* [Work to be completed]
Would you transcribe the records below from the line with "Amrit wele da" to the line with "Ankara'da gazetecilerle görüşen", ends included, exactly and with nothing more, leaving the pictures out?

* [Data shown]

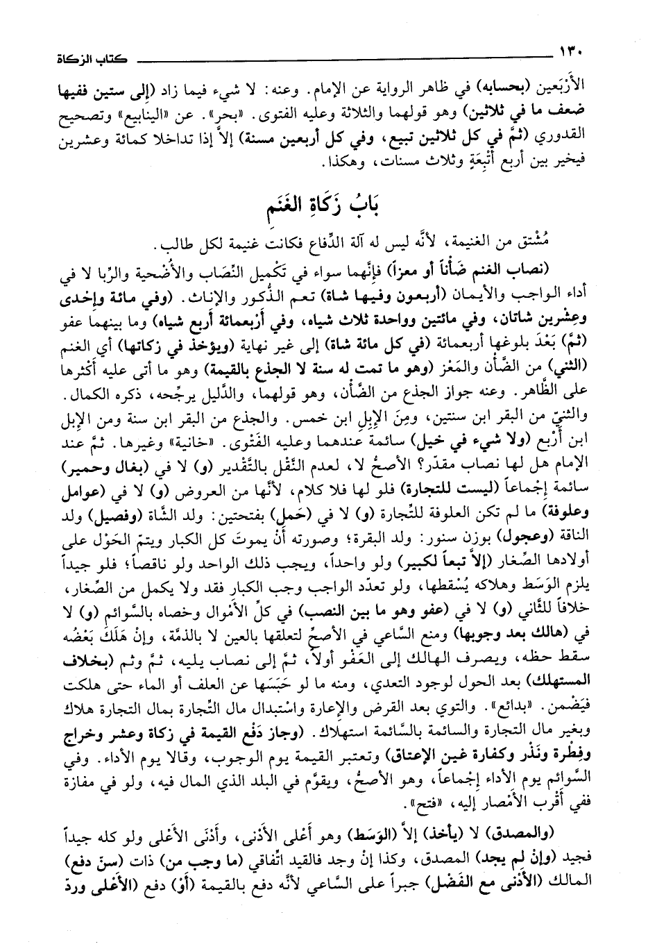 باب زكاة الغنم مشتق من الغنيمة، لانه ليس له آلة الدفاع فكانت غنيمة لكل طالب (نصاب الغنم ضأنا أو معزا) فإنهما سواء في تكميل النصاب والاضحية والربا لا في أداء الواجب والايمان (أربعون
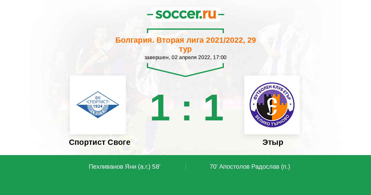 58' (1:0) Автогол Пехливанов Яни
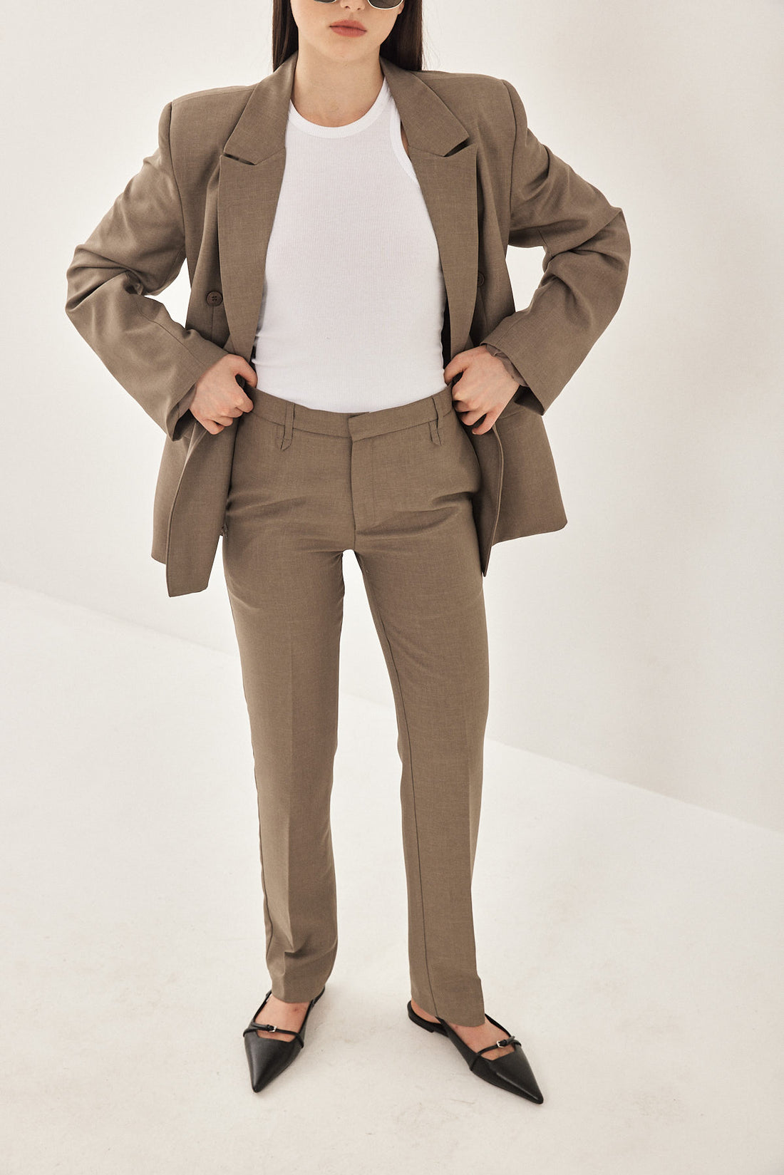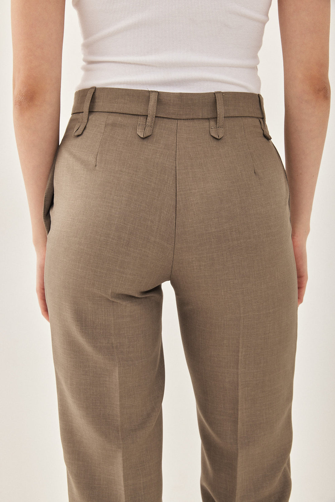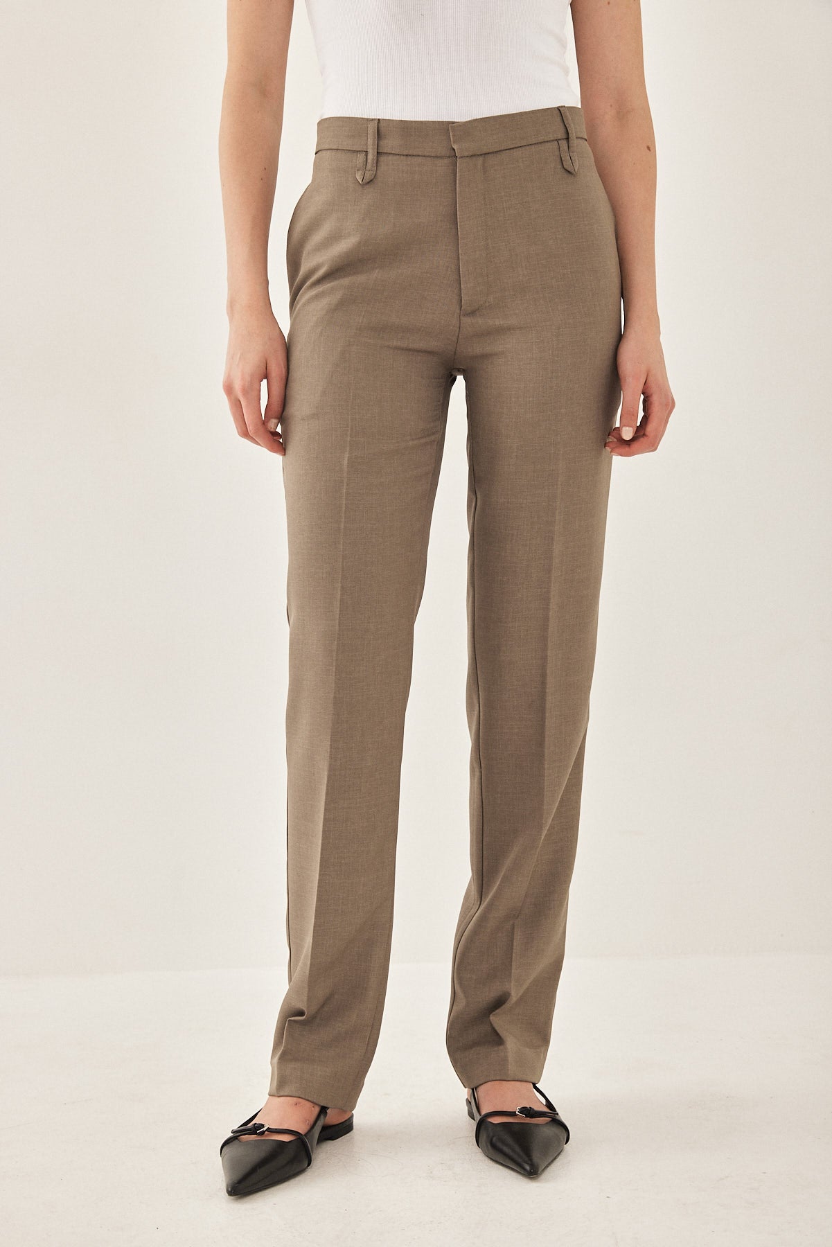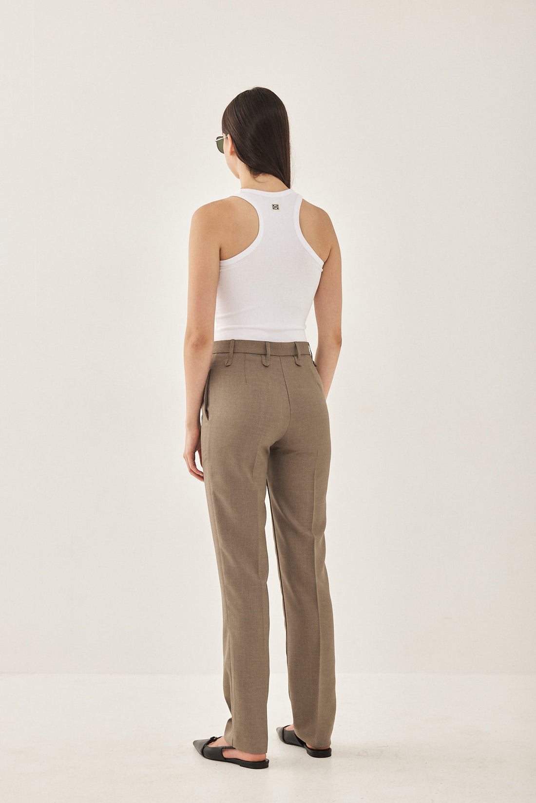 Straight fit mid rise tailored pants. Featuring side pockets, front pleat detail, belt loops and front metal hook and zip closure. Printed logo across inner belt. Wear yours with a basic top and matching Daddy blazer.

==

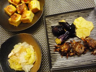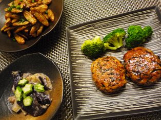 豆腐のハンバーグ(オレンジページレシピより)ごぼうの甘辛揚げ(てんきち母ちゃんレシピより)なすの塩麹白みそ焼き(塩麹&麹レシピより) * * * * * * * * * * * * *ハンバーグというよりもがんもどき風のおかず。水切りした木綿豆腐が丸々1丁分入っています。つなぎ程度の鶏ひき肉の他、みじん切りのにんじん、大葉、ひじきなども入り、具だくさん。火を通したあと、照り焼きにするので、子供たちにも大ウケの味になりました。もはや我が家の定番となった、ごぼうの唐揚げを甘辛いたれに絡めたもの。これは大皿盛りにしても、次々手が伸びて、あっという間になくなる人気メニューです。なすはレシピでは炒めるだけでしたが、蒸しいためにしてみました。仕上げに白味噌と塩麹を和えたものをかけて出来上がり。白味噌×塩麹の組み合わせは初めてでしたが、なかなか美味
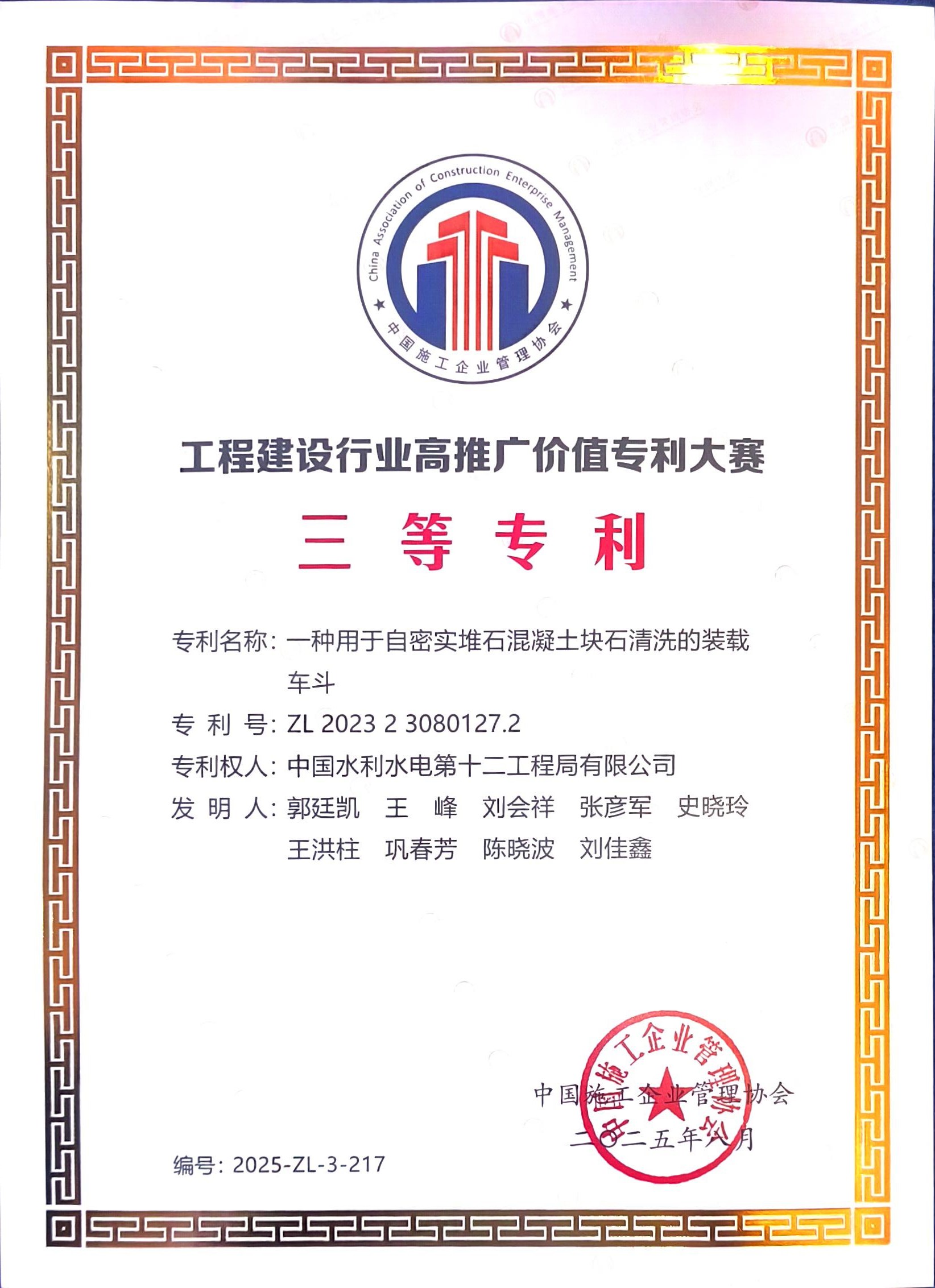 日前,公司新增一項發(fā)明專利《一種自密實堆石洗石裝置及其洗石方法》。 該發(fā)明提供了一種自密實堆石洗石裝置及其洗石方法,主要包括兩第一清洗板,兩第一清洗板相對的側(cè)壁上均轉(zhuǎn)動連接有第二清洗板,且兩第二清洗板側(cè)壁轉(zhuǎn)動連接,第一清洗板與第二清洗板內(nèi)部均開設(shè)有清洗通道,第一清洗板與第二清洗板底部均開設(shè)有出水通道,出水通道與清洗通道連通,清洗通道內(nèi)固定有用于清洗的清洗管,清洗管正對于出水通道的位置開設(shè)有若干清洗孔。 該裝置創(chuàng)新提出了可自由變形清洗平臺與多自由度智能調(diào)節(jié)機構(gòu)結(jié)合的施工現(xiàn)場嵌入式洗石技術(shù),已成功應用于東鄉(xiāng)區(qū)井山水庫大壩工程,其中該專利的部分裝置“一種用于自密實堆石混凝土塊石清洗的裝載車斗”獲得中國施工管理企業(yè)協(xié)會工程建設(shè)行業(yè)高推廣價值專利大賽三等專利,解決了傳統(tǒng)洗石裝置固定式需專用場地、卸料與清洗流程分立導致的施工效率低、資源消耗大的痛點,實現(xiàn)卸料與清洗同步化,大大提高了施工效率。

---

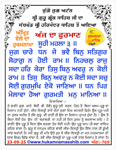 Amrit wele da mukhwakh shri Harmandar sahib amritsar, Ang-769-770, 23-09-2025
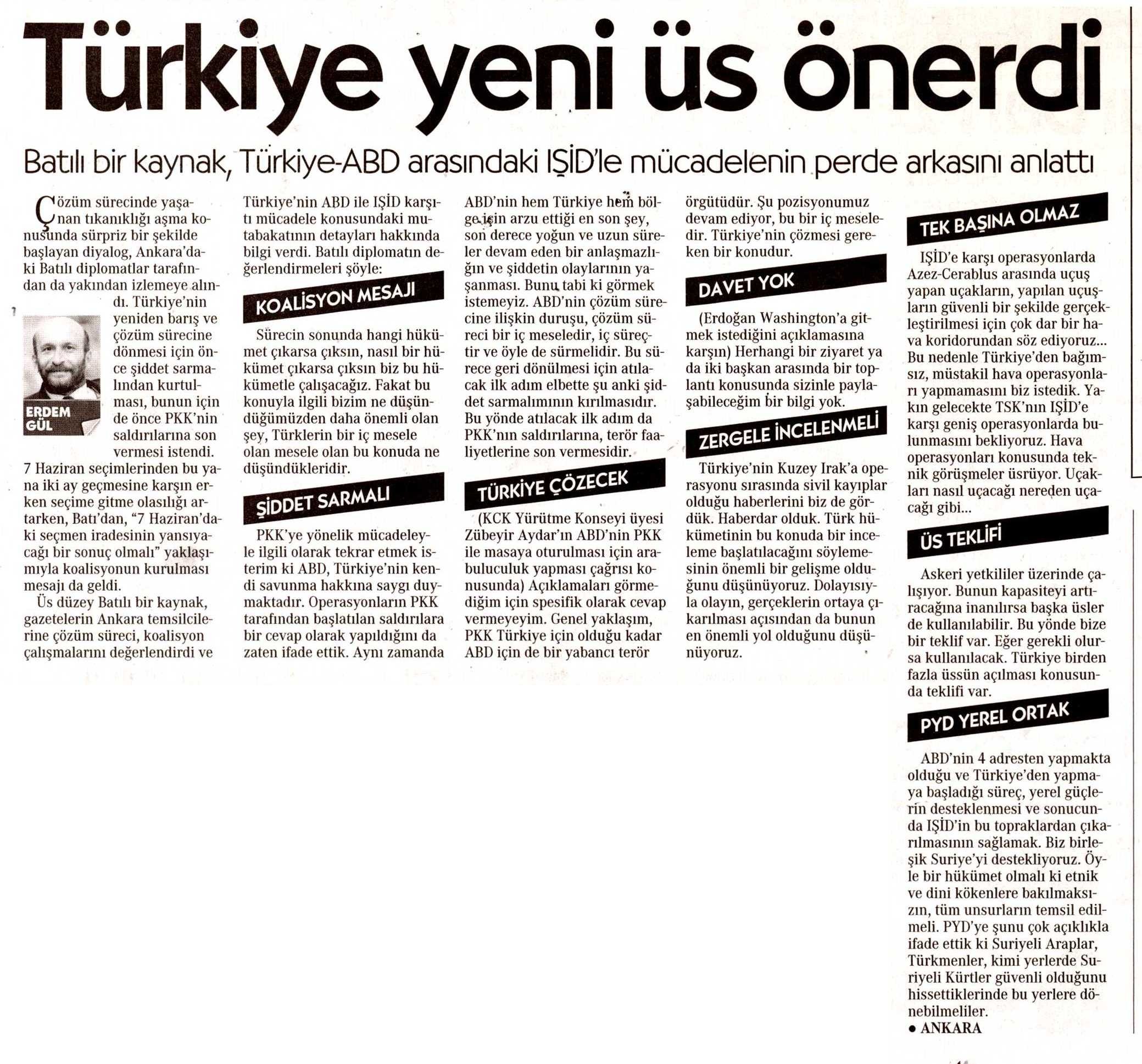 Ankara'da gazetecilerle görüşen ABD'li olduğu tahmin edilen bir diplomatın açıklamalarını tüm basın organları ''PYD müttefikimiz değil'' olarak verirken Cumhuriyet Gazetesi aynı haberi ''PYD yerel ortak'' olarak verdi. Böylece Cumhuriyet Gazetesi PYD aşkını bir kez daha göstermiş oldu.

* [Output for this task]
 Amrit wele da mukhwakh shri Harmandar sahib amritsar, Ang-769-770, 23-09-2025
 Ankara'da gazetecilerle görüşen ABD'li olduğu tahmin edilen bir diplomatın açıklamalarını tüm basın organları ''PYD müttefikimiz değil'' olarak verirken Cumhuriyet Gazetesi aynı haberi ''PYD yerel ortak'' olarak verdi. Böylece Cumhuriyet Gazetesi PYD aşkını bir kez daha göstermiş oldu.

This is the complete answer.